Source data
■ ■ ■ ■ ■ ■ ■

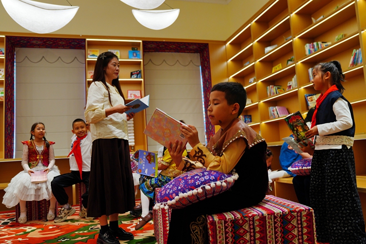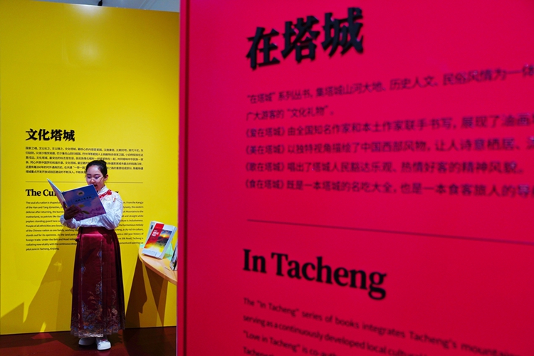 9月13日,文学爱好者在文学馆感受艺术氛围,了解塔城
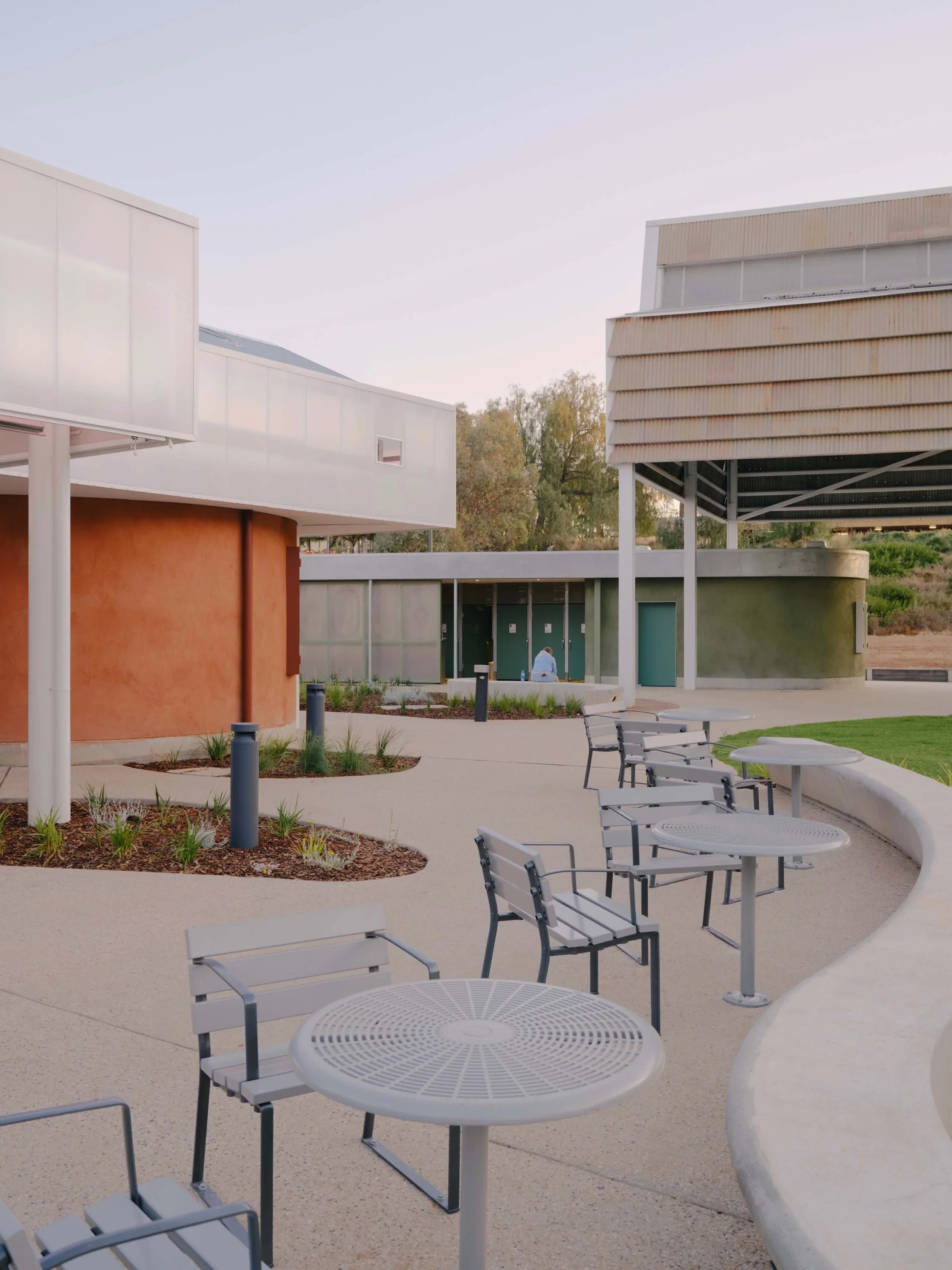 Este conjunto de edificios públicos en Victoria incluye cafetería, cocina comunitaria y aseos, todos construidos con cerramientos de hempcrete vertido in situ sobre entramado de madera. El proyecto obtuvo un premio nacional de sostenibilidad por su innovación material y por el carácter educativo de la obra.
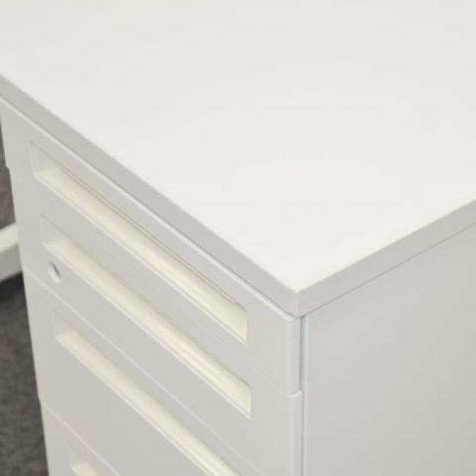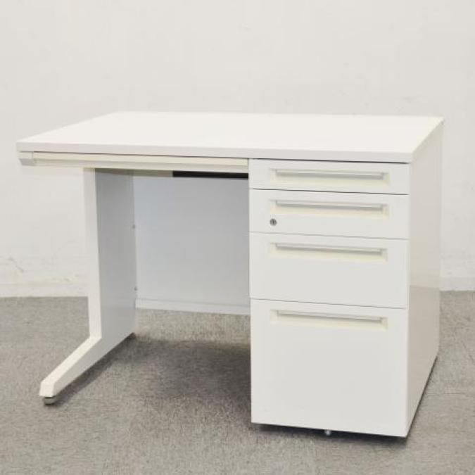 【T11】【商品入替のため、残り6台限り】オカムラ製 アドバンシシリーズ ホワイトカラー 4段収納で整理も完璧! コンパクトで清潔感のあるオフィス W1000片袖机!!
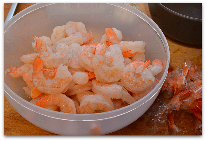 1. Сначала подготовим все ингредиенты. Чистим креветки.
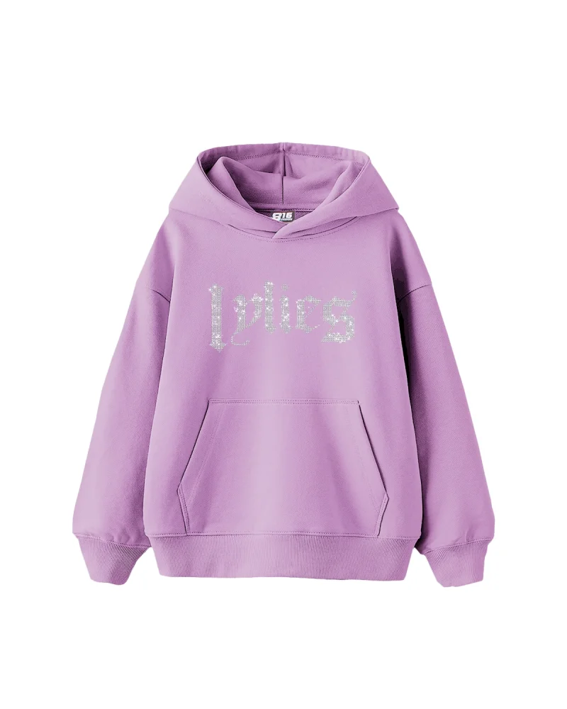 Lylies Taş Baskılı Oversize Unisex Mor Hoodie
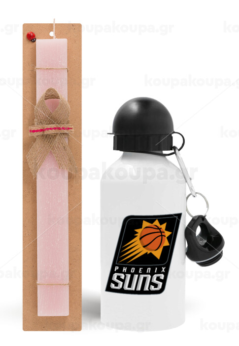 Phoenix Suns, Πασχαλινή Λαμπάδα με παγούρι μεταλλικό αλουμινίου (500ml) & κερί αρωματικό πλακέ (30cm) (ΡΟΖ)
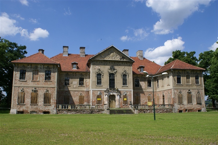 Pałac został wzniesiony w 1731 roku. Odbudowany po pożarze w latach 1734-1735 jako dwukondygnacyjna budowla. Usytuowany jest równolegle do drogi głównej, ogrodzony bramą. Po obu stronach bramy wzniesiono dwie kordegardy. Oficyny wybudowano na początku XIX wieku w stylu klasycystycznym.
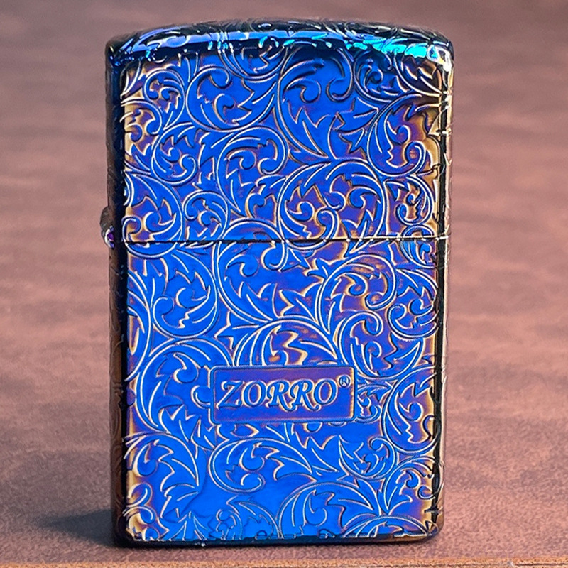 【メーカー直送】正規品ゾロZ902薫藍藍唐草精彫両面真鍮灯油ライター卸
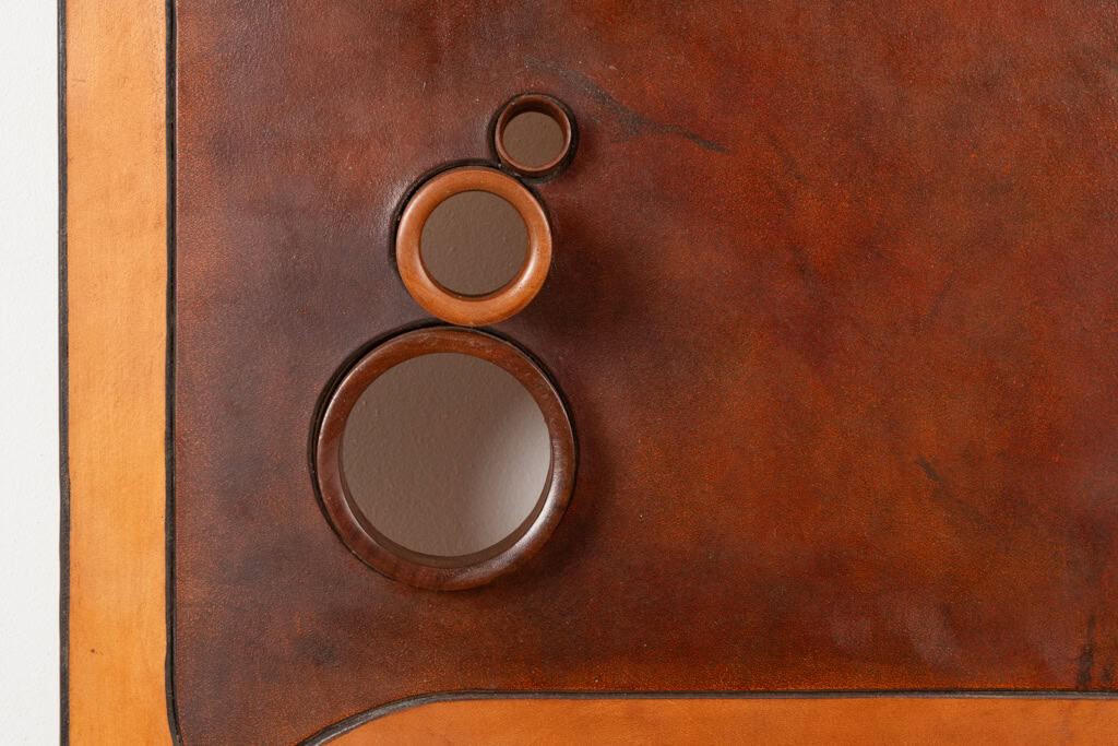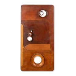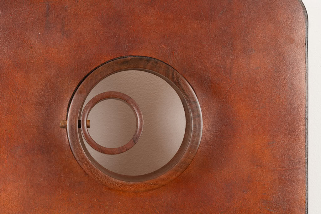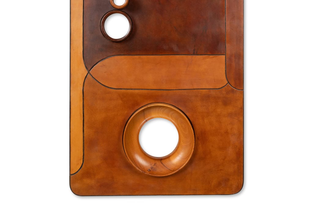 Stools and Wall Lamp, Cherry Wood and Leather, 1970s

■ ■ ■ ■ ■ ■ ■

* [What you have to do]
Your answer should be the lines from the opening of the records through the line with "Este conjunto de", both ends retyped exactly and pictures left out.

* [Solution for this exercise]
 9月13日,文学爱好者在文学馆感受艺术氛围,了解塔城
 Este conjunto de edificios públicos en Victoria incluye cafetería, cocina comunitaria y aseos, todos construidos con cerramientos de hempcrete vertido in situ sobre entramado de madera. El proyecto obtuvo un premio nacional de sostenibilidad por su innovación material y por el carácter educativo de la obra.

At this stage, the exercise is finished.